Ранние критические отзывы на творчество Пинчона пытались справиться с этими трудностями путем прояснения — как для себя, так и для всего критического сообщества — некоторых центральных понятий, которые Пинчон использует для организации своих текстов. Это было нелегко, так как многие из них были взяты из естественных наук, и мало кому из критиков удавалось преодолеть разрыв между «двумя культурами» с такими же легкостью и изяществом, с которыми это делал Пинчон. Фактически некоторые из ранних критических статей функционировали в качестве читательских путеводителей, которыми теперь стали электронные форумы4. Растущая «пиндустрия» разработала центростремительные концептуальные фигуры, которые функционировали как герменевтические руководства и обещали каким-то образом объять уникальное пинчоновское письмо. В частности, отсылки Пинчона к энтропии, теории информации и паранойе — которые уже играли центральную роль в его раннем рассказе с программным названием «Энтропия» (1960) — стали предметом критического исследования.
На этом этапе Пинчона читали как пророка обреченности и недопонимания, который свел вместе идеи из науки, техники, политики, истории, философии и искусства, чтобы очертить постепенный упадок Западной цивилизации.

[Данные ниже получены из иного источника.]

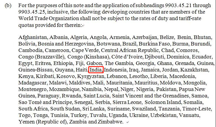 不受貿(mào)易關(guān)稅制裁的國家或地區(qū)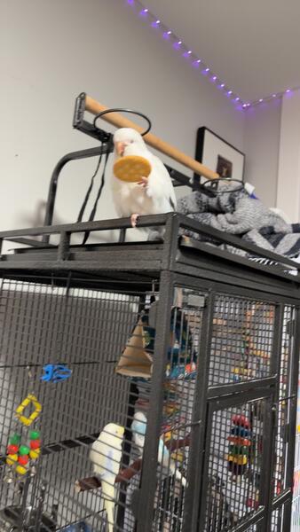 message miahkav08 about this ad Very loved Quaker parrot. We act as he is a male but theres no way to tell without a blood test which we have not done. He comes with 3 huge cages and a big box of toys perches treats and food. He also comes with a bird stand.he is fully hand tamed doesnt like to be cuddled much but can be. He does speak a very big amount his favorite words are toast, duck as thats his name kisses,step up and of course his famous peekaboo. He also says a bunch more but they are just randoms . Hes not super loud and when lights are off and cage his cover he wont make a peep. We arent supper strong on price. Phone number is 3209794214 located in Kerkhoven mn and willing to travel up to 1 hour for the right home |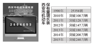 在2014年7月,西安機動車保有量突破200萬輛時,在全國機動車保有量超過200萬輛的15個城市中,西安還排在第11位;在今年將突破250萬輛時,西安已名列第9位了。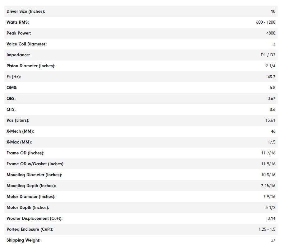 DD Audio is know for industry leading subwoofer innovations, and the 2508 is loaded with our latest state of the art performance based features that clearly separate it from any other subwoofer on the planet.The 2508 is the first DD Audio subwoofer with ESP. ESP stands for Evolution Subwoofer Package, and it will completely change the game when it comes to high performance subwoofers. ESP equipped subs will feature a culmination of what we’ve learned from over 25 years of building high performance drivers. Every part in our ESP subs is exclusive to DD Audio. By custom tooling every part that goes into an ESP woofer we’re able to overcome many issues faced by using standard designs. ESP Features: True Size Carbon Fiber Blend Cone (CFB) – True size cone geometry allows for more cone area and bass output from a given box size while staying in designated size classes. The CFB composition employs a potent carbon fiber based cocktail to give you the highest strength to weight ration of any pulp cone in the industry. Vario-density Extended Range Of Motion Surround (V-ROM) – Provides the ultimate in linear control at high excursion while still allowing for dynamic sounding bass reproduction. Tuned Composite Spider System (CSS) – Each suspension is tuned for specific performance traits with spiders using mixtures of laminated cloth layers over a compressed rubber core for extended life and smoother linear travel. DD Super Frame (Sframe)- We designed new these frame geometries to maximize the spider diameter, cone diameter, suspension excursion, and to work as an outer shorting ring for the motor while maximizing heat sinking and heat flow from the coil. The technologically advanced 2508 combines what were previously impossible elements into an 8″ package. It was designed with the excursion and power handling of a larger diameter woofer enabling it to make maximum acoustic energy in space constrained applications. This groundbreaking subwoofer delivers True To The Source sound at ultra low distortion levels that you have to hear to believe.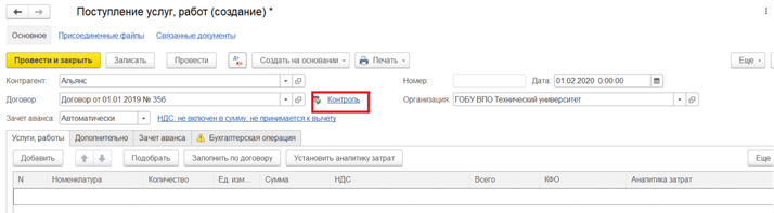В документе «Поступление услуг, работ» при выборе договора, по которому ведётся график исполнения, появляется ссылка «Контроль», с её помощью можно проанализировать исполнение договора на дату документа. Использование этой ссылки будет подробно рассмотрено далее на примере договора с покупателем.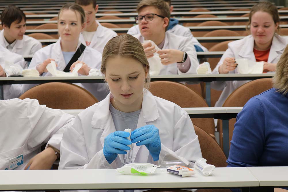 Рабочую поездку Евгения Анатольевна начала с посещения завершающего занятия профориентационного цикла «Университетские субботы» для учащихся 29 медицинских классов школ региона, который на площадке медицинского института НИУ «БелГУ» проводится второй год подряд. С 10 февраля по 1 апреля по субботам на базе Аккредитационно-симуляционного центра НИУ «БелГУ» обучение прошли более 670 школьников 10-11 классов. Будущие медики смогли пообщаться с представителями вуза, ознакомиться с материально-технической базой мединститута и узнать о правилах поступления в 2023 году.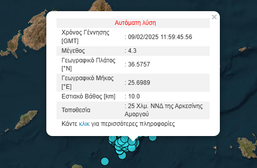 Ακολούθησε άλλος σεισμός μετά από 5 λεπτά 4,3 Ρίχτερ., 25 Χλμ. ΝΝΔ της Αρκεσίνης Αμοργού.

Его сложные дискурсивные сборки [assemblages] клонились в сторону безжизненного. Они сползали к вселенскому беспорядку, к тепловой смерти, шуму и, в конечном итоге, к чистой статике. Роман «V.» представлял панораму нарастающего культурного отчаяния, тоски и скатывания от индивидуальной культуры к массовой: от «государя» к «бюрократу». В романе «Выкрикивается лот 49» как для Эдипы Маас, так и для читателя обнаруживала себя контркультура, действующая в зазорах официальной власти и информационных каналов, — контркультура, состоящая из олдов и неудачников, то есть из [представителей] той группы, к которой Пинчон питает наибольшую симпатию на протяжении всего своего творческого пути. Историческим диагнозом романа выступал массовый, «точно рассчитанный уход от жизни Республики» — то есть шаг, который, может статься, повторяет и личное затворничество самого Пинчона5. Помимо исторического и политического, критики отмечали интерес Пинчона к трагической логике по видимости неизменного человеческого состояния: к универсальному садомазохизму господина и раба, или, если выразиться менее философски, «ебущих и ебомых»6. Несмотря на их разнообразие, большинство критиков пытались найти смысл в этих романах, организуя их сложности и хитросплетения в осмысленные паттерны.
На втором этапе критической рецепции Пинчона, которая вдохновлялась постструктуралистской теорией, критики стали яростно центробежными. Пинчон вдруг превратился в мастера деконструкции, чьи невероятно запутанные сюжеты должны были заставить читателя осознать тщетность любых поисков порядка. Критические тексты рассказывали о бесконечной диссеминации смысла; о громоздких и расползающихся аллегориях господства означающего и о его материальности, о сложных метафикциональных играх. Персонажи оказывались лакановскими «пустыми субъектами», попавшими в темницу языка и ищущими утраченные объекты, тогда как сами романы превращались, в случае если критики были склонны к деконструкции, в дискурсивные области, смысл в которых был бесконечно отложен, — в зоны грамматологического различания [différance]7. Пинчон [в подобных интерпретациях] играл с читательскими ожиданиями и наслаждался тем, что разрушал эти ожидания посредством текстов, сопротивляющихся когнитивному схватыванию.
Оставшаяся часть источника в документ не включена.